• [TASK INSTRUCTIONS] From the listing that follows, reproduce only the lines from the one holding "第2回 東京医科歯科大学 歯科器材" through the one holding "Што се однесува", both included, with no pictures.

• [DATA PROVIDED]
=== Begin Enclosure ===
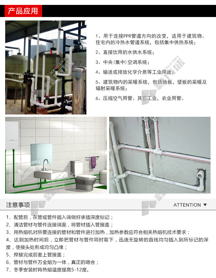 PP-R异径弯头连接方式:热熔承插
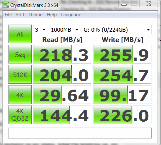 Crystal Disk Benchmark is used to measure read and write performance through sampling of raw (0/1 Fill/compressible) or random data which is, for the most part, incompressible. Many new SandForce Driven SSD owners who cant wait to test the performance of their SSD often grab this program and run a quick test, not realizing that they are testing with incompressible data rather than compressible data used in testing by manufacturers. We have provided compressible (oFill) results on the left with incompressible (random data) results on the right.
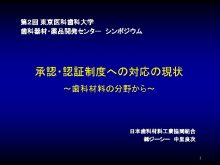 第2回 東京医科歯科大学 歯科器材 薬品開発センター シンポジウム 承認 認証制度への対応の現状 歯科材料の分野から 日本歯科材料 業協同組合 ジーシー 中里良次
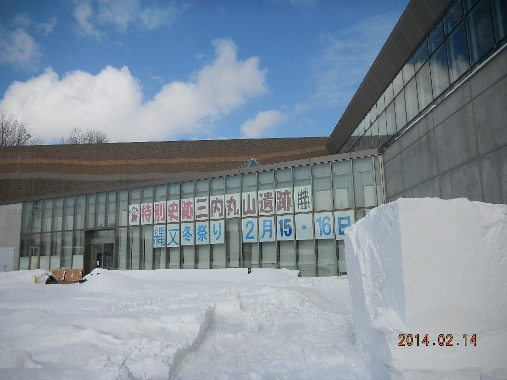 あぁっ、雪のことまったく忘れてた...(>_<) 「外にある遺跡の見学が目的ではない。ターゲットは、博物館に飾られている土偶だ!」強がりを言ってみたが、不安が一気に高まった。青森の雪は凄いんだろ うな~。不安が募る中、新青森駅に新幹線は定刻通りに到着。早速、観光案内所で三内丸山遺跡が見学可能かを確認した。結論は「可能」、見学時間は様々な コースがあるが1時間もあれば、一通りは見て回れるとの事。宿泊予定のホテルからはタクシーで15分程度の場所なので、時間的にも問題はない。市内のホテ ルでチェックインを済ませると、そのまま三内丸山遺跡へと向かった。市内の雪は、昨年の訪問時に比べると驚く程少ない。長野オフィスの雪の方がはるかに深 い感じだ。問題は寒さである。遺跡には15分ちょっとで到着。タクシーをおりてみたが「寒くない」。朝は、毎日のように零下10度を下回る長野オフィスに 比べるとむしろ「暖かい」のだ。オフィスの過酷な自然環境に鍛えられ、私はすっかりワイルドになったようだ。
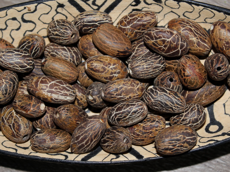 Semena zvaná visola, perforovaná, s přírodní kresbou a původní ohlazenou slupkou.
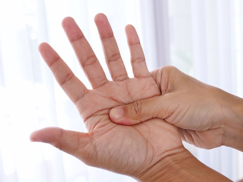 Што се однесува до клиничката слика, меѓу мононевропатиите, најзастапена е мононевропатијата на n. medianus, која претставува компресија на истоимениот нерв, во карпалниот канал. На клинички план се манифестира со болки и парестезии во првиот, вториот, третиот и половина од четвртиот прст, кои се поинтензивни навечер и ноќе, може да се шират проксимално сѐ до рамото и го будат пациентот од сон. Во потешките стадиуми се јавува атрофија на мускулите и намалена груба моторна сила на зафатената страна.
=== End Enclosure ===
=== Begin Enclosure ===
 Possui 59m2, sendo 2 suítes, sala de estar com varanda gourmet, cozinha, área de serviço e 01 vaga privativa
=== End Enclosure ===
• [RESULT]
 第2回 東京医科歯科大学 歯科器材 薬品開発センター シンポジウム 承認 認証制度への対応の現状 歯科材料の分野から 日本歯科材料 業協同組合 ジーシー 中里良次
 あぁっ、雪のことまったく忘れてた...(>_<) 「外にある遺跡の見学が目的ではない。ターゲットは、博物館に飾られている土偶だ!」強がりを言ってみたが、不安が一気に高まった。青森の雪は凄いんだろ うな~。不安が募る中、新青森駅に新幹線は定刻通りに到着。早速、観光案内所で三内丸山遺跡が見学可能かを確認した。結論は「可能」、見学時間は様々な コースがあるが1時間もあれば、一通りは見て回れるとの事。宿泊予定のホテルからはタクシーで15分程度の場所なので、時間的にも問題はない。市内のホテ ルでチェックインを済ませると、そのまま三内丸山遺跡へと向かった。市内の雪は、昨年の訪問時に比べると驚く程少ない。長野オフィスの雪の方がはるかに深 い感じだ。問題は寒さである。遺跡には15分ちょっとで到着。タクシーをおりてみたが「寒くない」。朝は、毎日のように零下10度を下回る長野オフィスに 比べるとむしろ「暖かい」のだ。オフィスの過酷な自然環境に鍛えられ、私はすっかりワイルドになったようだ。
 Semena zvaná visola, perforovaná, s přírodní kresbou a původní ohlazenou slupkou.
 Што се однесува до клиничката слика, меѓу мононевропатиите, најзастапена е мононевропатијата на n. medianus, која претставува компресија на истоимениот нерв, во карпалниот канал. На клинички план се манифестира со болки и парестезии во првиот, вториот, третиот и половина од четвртиот прст, кои се поинтензивни навечер и ноќе, може да се шират проксимално сѐ до рамото и го будат пациентот од сон. Во потешките стадиуми се јавува атрофија на мускулите и намалена груба моторна сила на зафатената страна.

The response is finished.